Divorce is a Verb.

“How long have you been divorced?”

My answer’s rote: separated for almost six years, divorced for four and a half.

Until now, I’ve considered my divorce a noun. Aside from the administrative actions: filing of paperwork and the official stamping of a dissolution date, it’s been a thing of the past. Done. Final.

And then–last week I received the title report (for the sale of my home).

There was a comma after my name. I’m used to seeing my yoga credentials follow me around, but not this, not, Husband and Wife.

My throat fell into my gut. I haven’t seen those words associated with me in years.

I sobered up in that moment. Denial walked out. Reality walked in; I’m divorcing, still. I’m grieving, still.

It hit me: I don’t think I ever really grieved my divorce, because, I’ve still been in it, in my marriage, in this home, surrounded by these memories, even though that life left over half a decade ago.
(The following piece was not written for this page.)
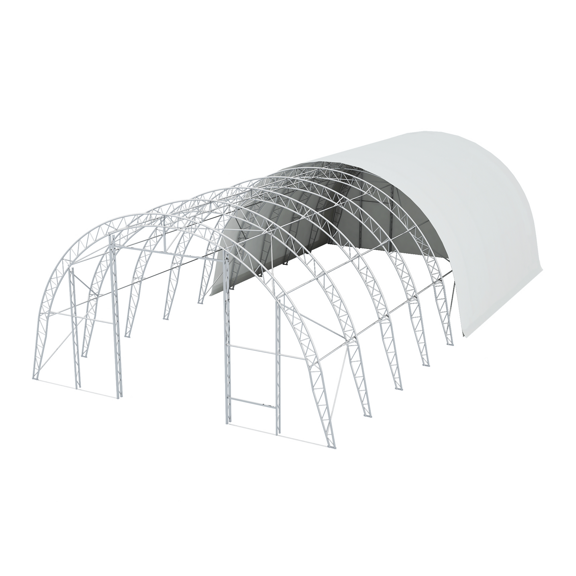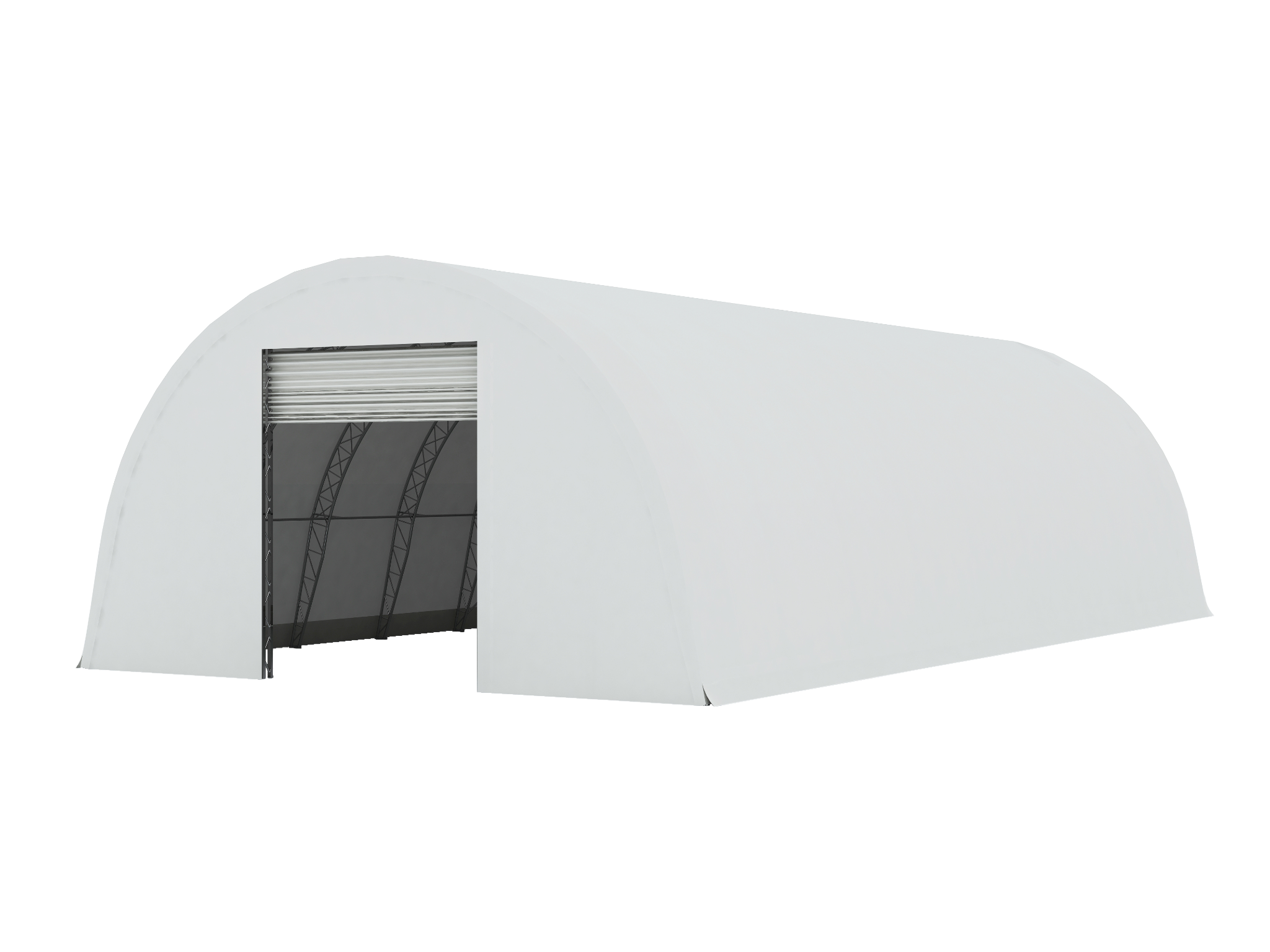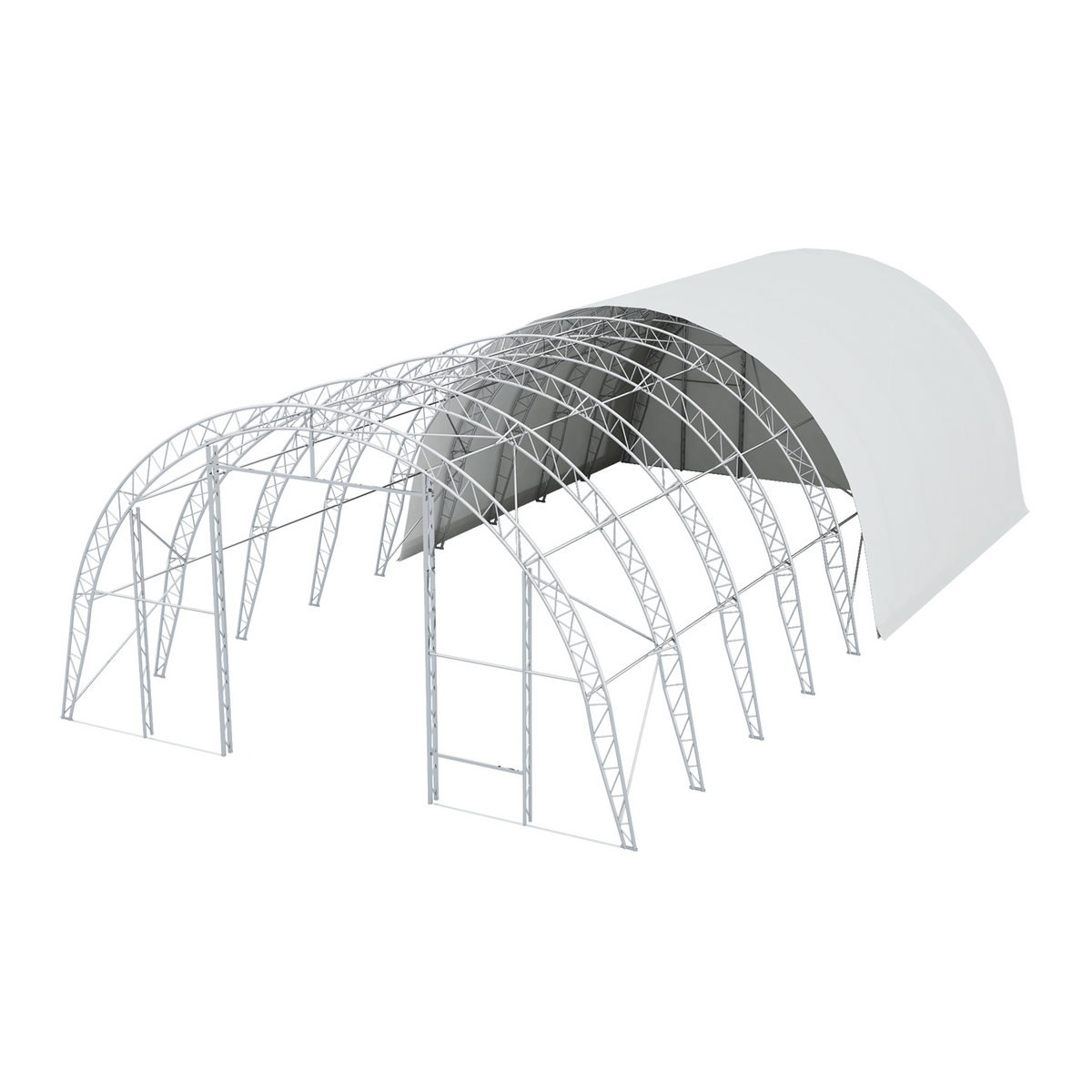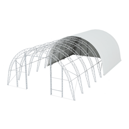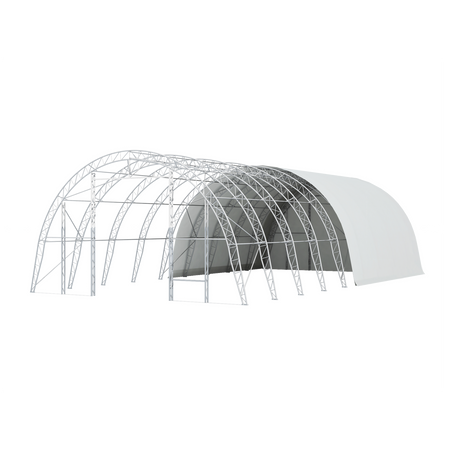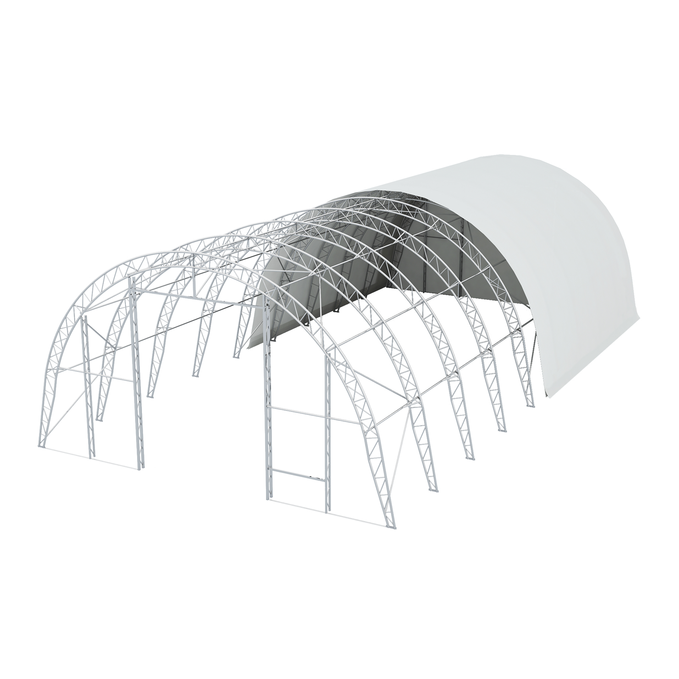 Introducing the Double Truss Round M Model Storage Shelter W40'xL80'xH22' (408022), a premium solution designed to withstand the toughest local weather conditions. Engineered by Canadian designers specifically for our climate, this shelter offers enhanced wind and snow resistance, with a wind load capacity of 1.35kN/m² and a snow load capacity of 2.5kN/m², making it a durable choice for year-round protection.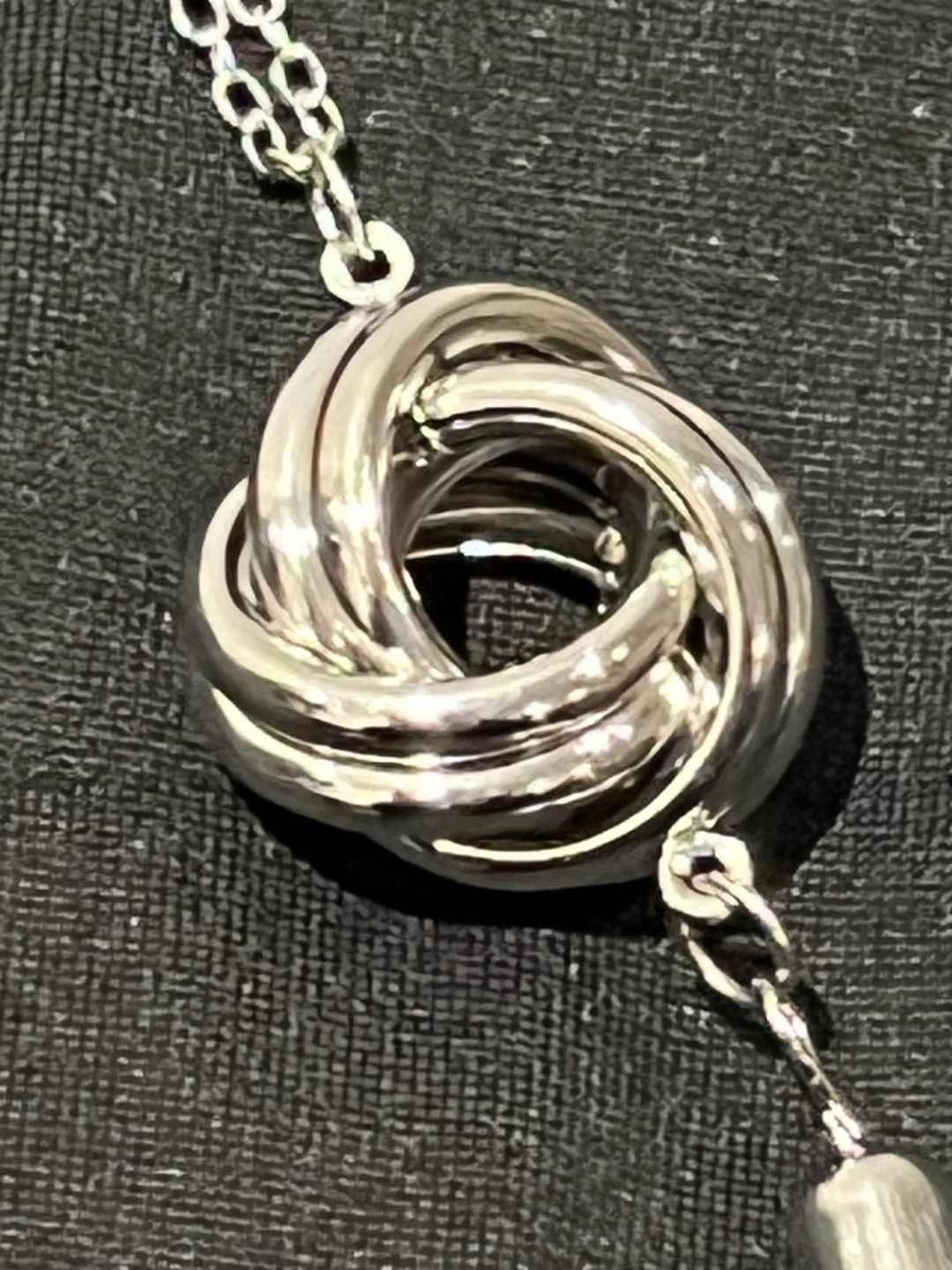 Silver tone necklace featuring a knot pendant with a delicate chain tassel. The chain has an extender for adjustable length. It's a stylish accessory for any occasion.

Divorce is a process, a verb that acts up when it’s least expected: in a piece of paper, or in a picture that falls out of a book salvaged from the innards of a cabinet.

My reality is this:

I’m in it, still: in the process of divorcing my old life. I’m grieving a death, not only the death of my marriage, but the death of my identity, too: of who I was, once upon a time. ~Rebecca


2 thoughts on “Divorce is a Verb.

  1. Thankyou Rebecca for your article about Loving Divorce
    It has been deeply helpful to me in approaching and finally deciding to separate from my marriage of 18 yrs. Nic and I are,so far, continuing to love each other through this process which is so much better for us both and for our three boys.
    I am still very much grieving but it helps.